Given material:
*** Block opens ***
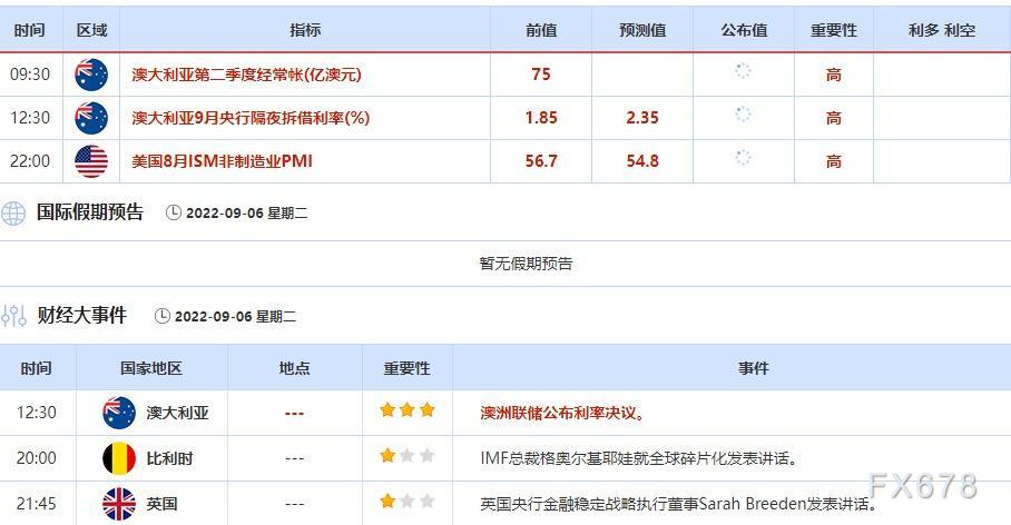 ②9月6日(周二)关键字:澳洲联储利率决议,美国8月ISM非制造业PMI
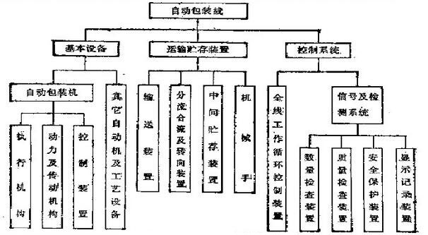 包裝生產(chǎn)線是由很基本的工藝設(shè)備——包裝機(jī)以及將包裝機(jī)聯(lián)線的輔助設(shè)備,如輸送裝置等,并依靠推動控制系統(tǒng)完成確定的工作循環(huán)。自動包裝生產(chǎn)線基本組成框架如下:
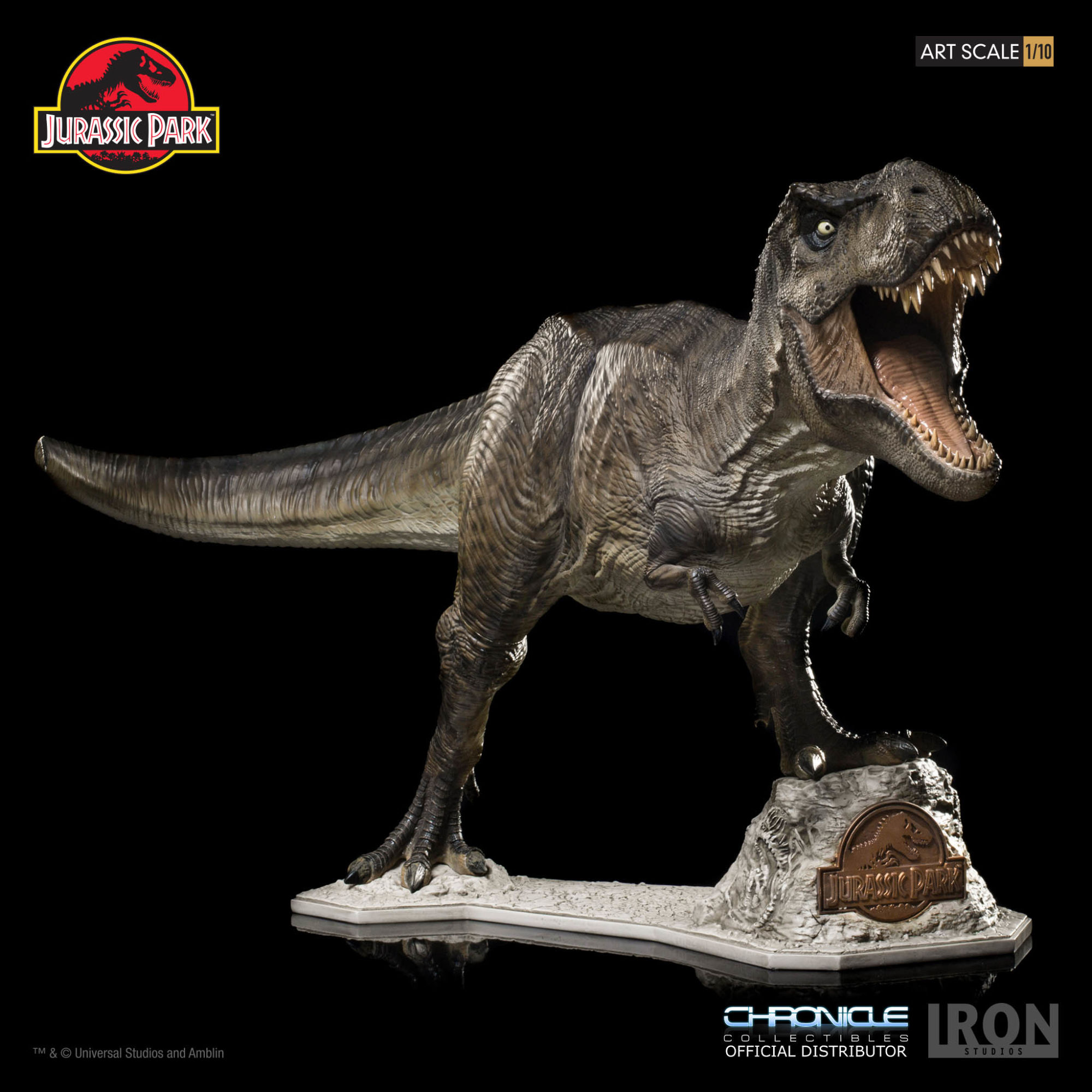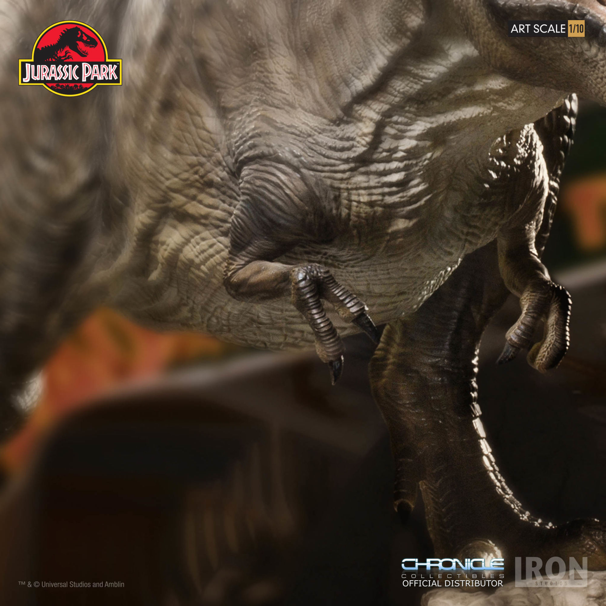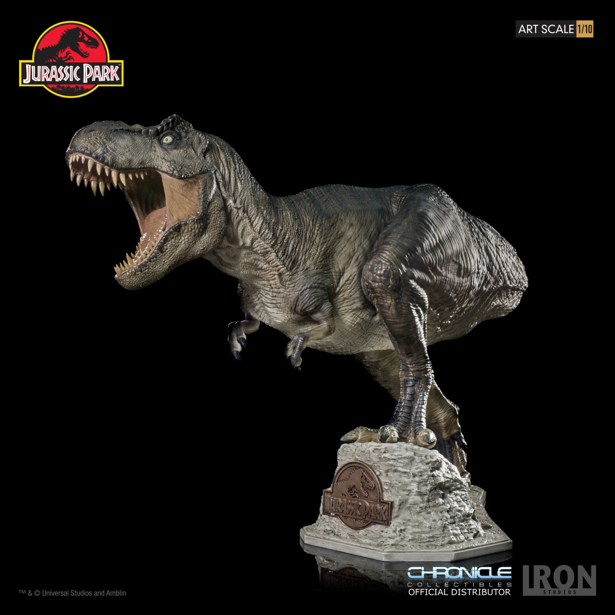 Chronicle Collectibles is excited to announce the next Jurassic Park release from Iron Studios that we will be exclusively distributing.* Presenting the T-Rex Art Scale 1:10 statue from the movie that started it all! This T-Rex Art Scale 1:10 statue is designed to represent the T-Rex shortly after she breaks through the fence line to terrorize our heroes in the film. As with the previous Jurassic Park Art Scale 1:10 releases from Iron Studios, this statue will fit into the complete 1:10 scale "T-Rex Attack" diorama once all pieces are released and assembled. Chronicle Collectibles will exclusively distribute* all subsequent pieces of this diorama as Iron Studios makes them available.
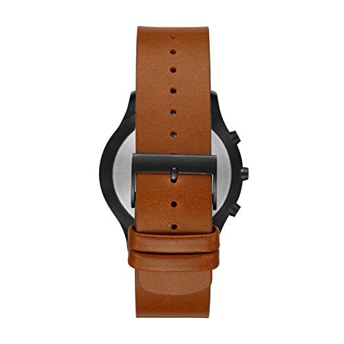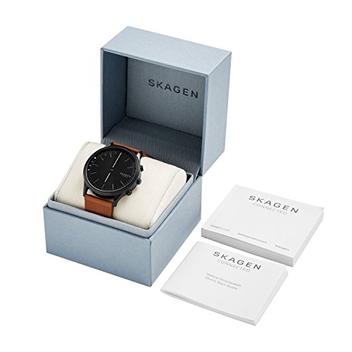 The Jorn Connected hybrid smartwatch combines innovative technology with classic design. Features include automatic time and date adjustment, activity and goal tracking, sleep tracking, filtered email and text notifications, dual-time function and SKAGEN LINK technology, which allows the wearer to snap a photo, control their music and more-all with the push of a button. Jorn Connected is compatible with Android phones and iPhone and syncs wirelessly to the SKAGEN app, where you can view your data and manage settings. The watch runs on a standard coin-cell battery with a four- to six-month battery life, so it never needs to be recharged. And the quick-release-pin construction makes it easy to interchange the leather band with other 22mm leather or steel-mesh straps.Feature
*** Block closes ***
About this task: The answer is those lines of the material above that run from the one containing "包裝生產(chǎn)線是由很" up to and including the one containing "Chronicle Collectibles is", restated exactly and without images.

Problem solution:
 包裝生產(chǎn)線是由很基本的工藝設(shè)備——包裝機(jī)以及將包裝機(jī)聯(lián)線的輔助設(shè)備,如輸送裝置等,并依靠推動控制系統(tǒng)完成確定的工作循環(huán)。自動包裝生產(chǎn)線基本組成框架如下:
 Chronicle Collectibles is excited to announce the next Jurassic Park release from Iron Studios that we will be exclusively distributing.* Presenting the T-Rex Art Scale 1:10 statue from the movie that started it all! This T-Rex Art Scale 1:10 statue is designed to represent the T-Rex shortly after she breaks through the fence line to terrorize our heroes in the film. As with the previous Jurassic Park Art Scale 1:10 releases from Iron Studios, this statue will fit into the complete 1:10 scale "T-Rex Attack" diorama once all pieces are released and assembled. Chronicle Collectibles will exclusively distribute* all subsequent pieces of this diorama as Iron Studios makes them available.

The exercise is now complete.